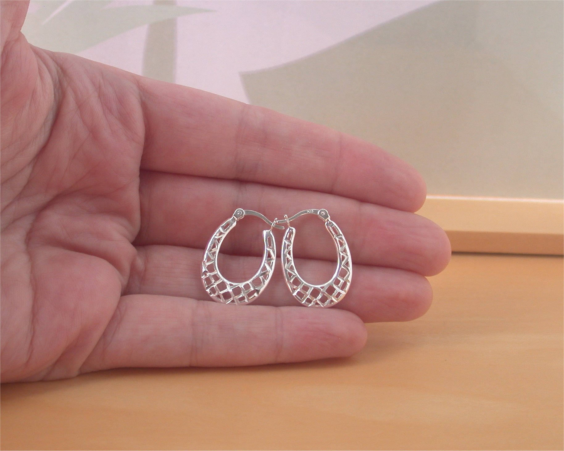 Sterling silver, lattice style, oval hoop earrings. Size 23mm in length x 15mm width. Hinged hook fastner. Both earrings are stamped 925.
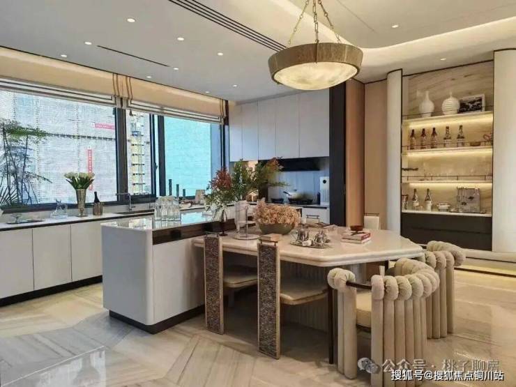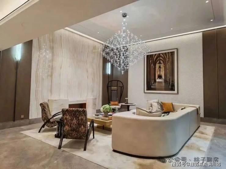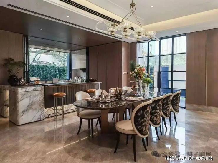 LDKG一体化设计,搭配大面落地玻璃,地面白金沙岩板通铺,吊顶是大通顶,双背景墙采用壁布硬包、帝王翡翠岩板,没有多余的结构墙体,以豪奢尺度构建出家庭交流的超级广域公区。
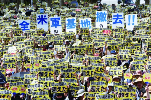 6月19日,日本冲绳,大约6.5万人参加反美军基地集会,要求驻冲绳的美国海军陆战队全部离开,并且从根本上修改给予驻日美军司法庇护特权的协定。
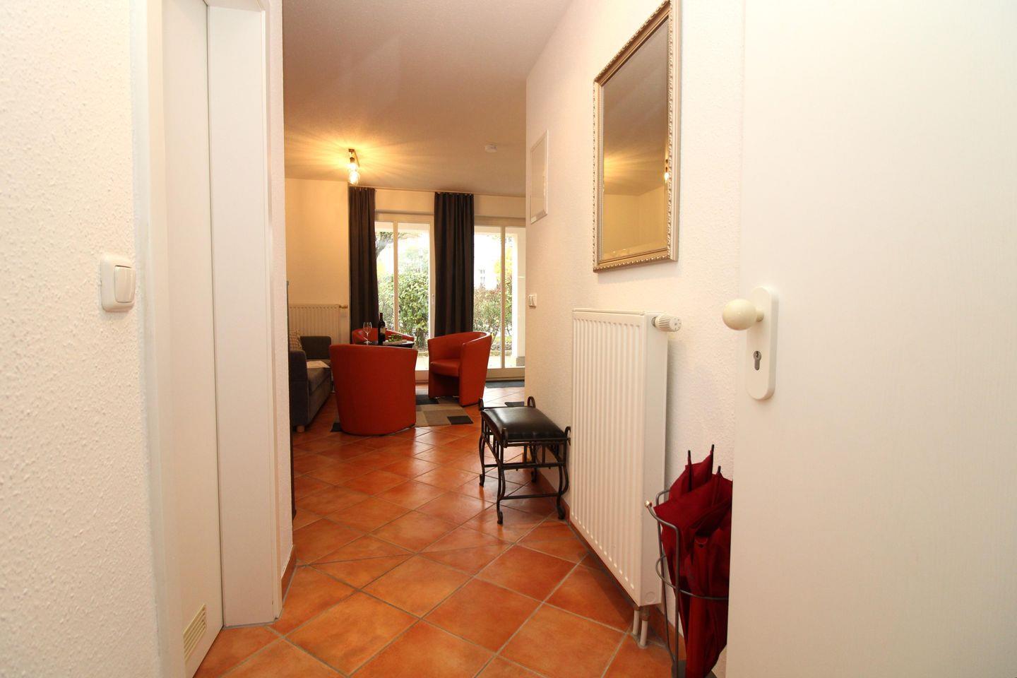 Die moderne und sehr geschmackvoll eingerichtete 3-Zimmer-Wohnung (ca. 58 m²) im Erdgeschoss besitzt ein hohes Maß an Funktionalität und ist komplett eingerichtet. Der Bodenbelag in den beiden Schlafzimmern ist Holzlaminat, der Eingangsbereich, der Wohn- bzw. Küchenbereich und das Bad / WC sind gefliest.
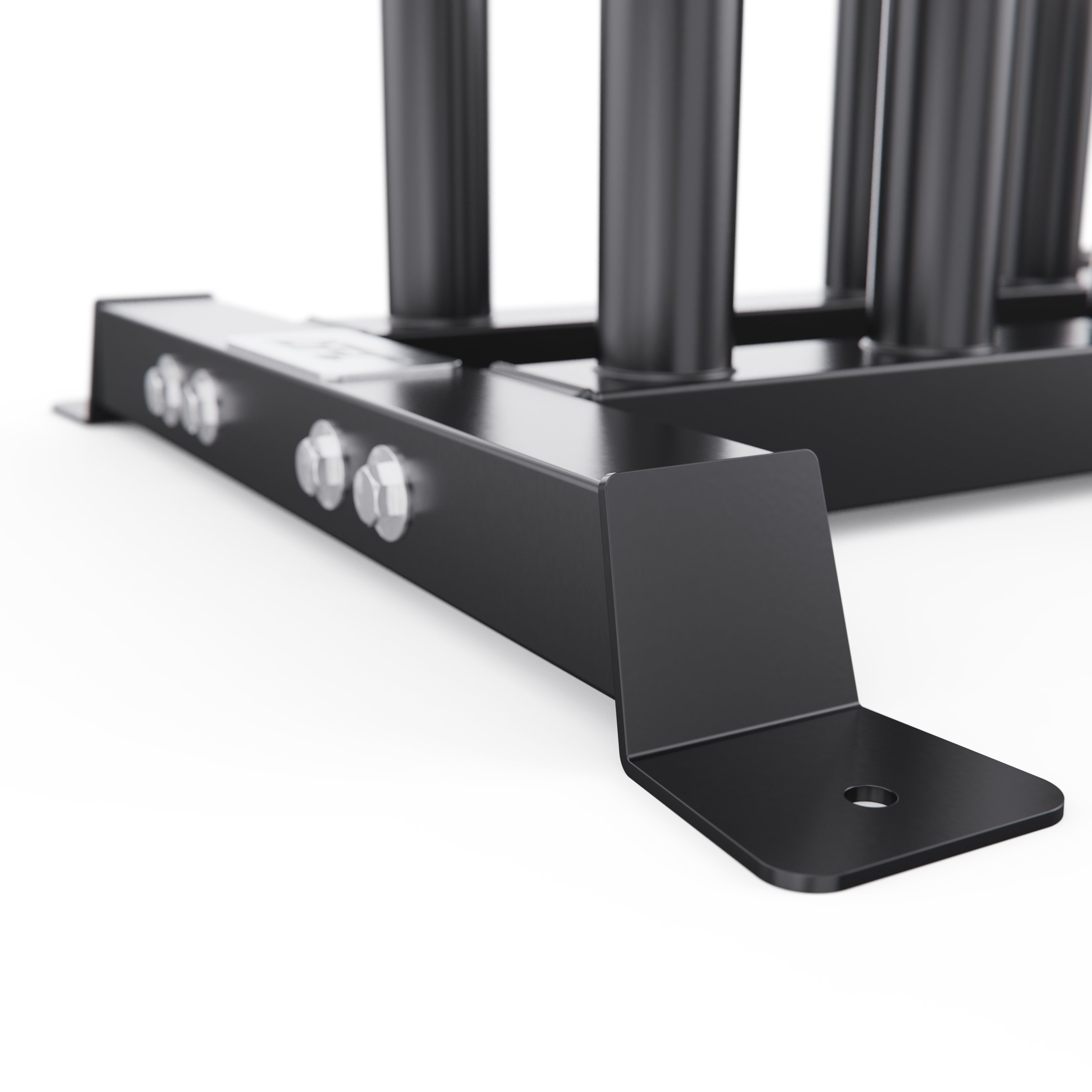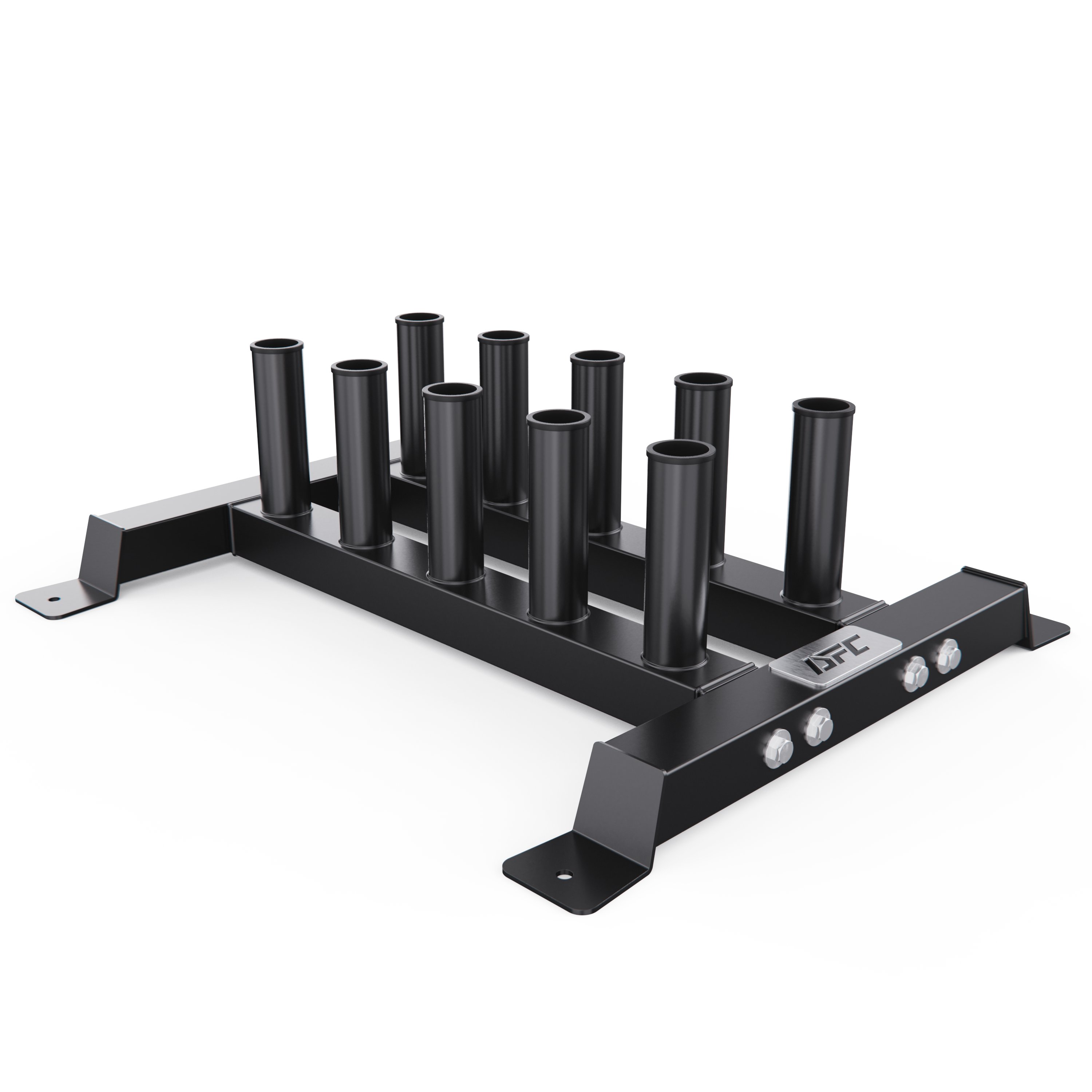 Диаметр посадочных труб составляет 50 мм, что соответствует стандарту олимпийских грифов. Стойка выдерживает максимальную нагрузку до 250 кг, обеспечивая безопасное хранение тяжелых спортивных снарядов.
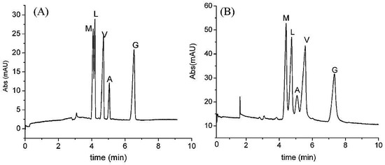 Effect of SWCNTs coated monolithic column on the separation of a peptide mixture “Reproduced with permission from Y. Li et al. [49] Copyright American Chemical Society, 2005”. (A) Polymer monolithic column containing SWCNTs; (B) Polymer monolithic column in the absence of SWCNTs, Val-Tyr-Val (V), leucine enkephalin (L); (A) angiotensin II, methionine enkephalin (M), Gly-Tyr (G).
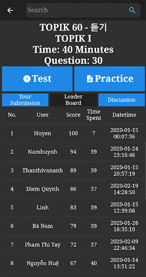 - In addition to the above main functions. The app also shows a Leader Board that obtained the highest score for each test. Users can exchange learning experiences with each other by posting comments in the discussion tab.
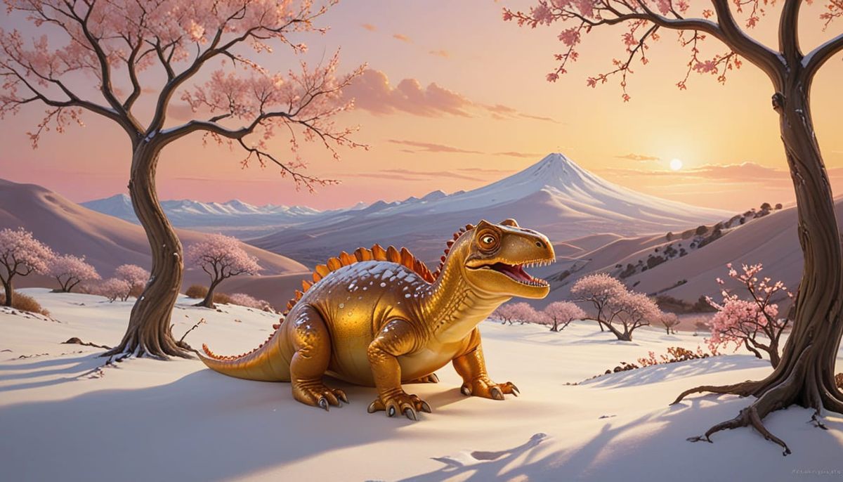 A striking picture of a baby dinosaur trapped inside a giant piece of amber. The amber sits in a snowy landscape with a surreal almond tree in bloom, rendered in 3D art.
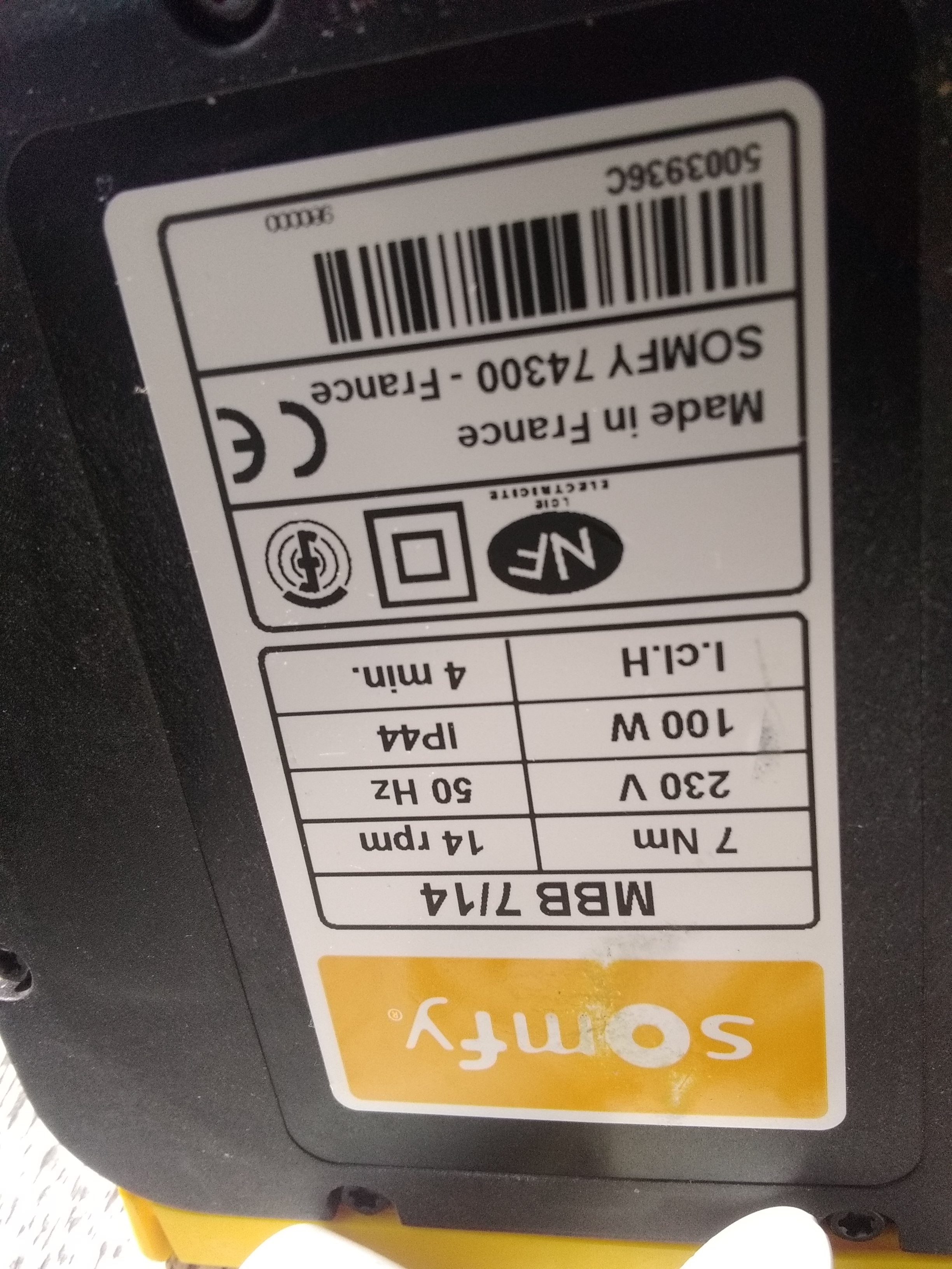 j'ai un ensemble moteur somfy MBB 7/14 en etat de bon fonctionement
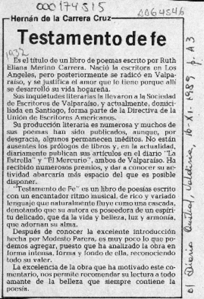 Testamento de fe [artículo] Hernán de la Carrera Cruz.

ASSIGNED TASK> All lines from the one containing "A striking picture" to the last line of the records above, and no others, should be returned unchanged, without pictures.

RESPONSE TO THE EXERCISE>
 A striking picture of a baby dinosaur trapped inside a giant piece of amber. The amber sits in a snowy landscape with a surreal almond tree in bloom, rendered in 3D art.
 j'ai un ensemble moteur somfy MBB 7/14 en etat de bon fonctionement
 Testamento de fe [artículo] Hernán de la Carrera Cruz.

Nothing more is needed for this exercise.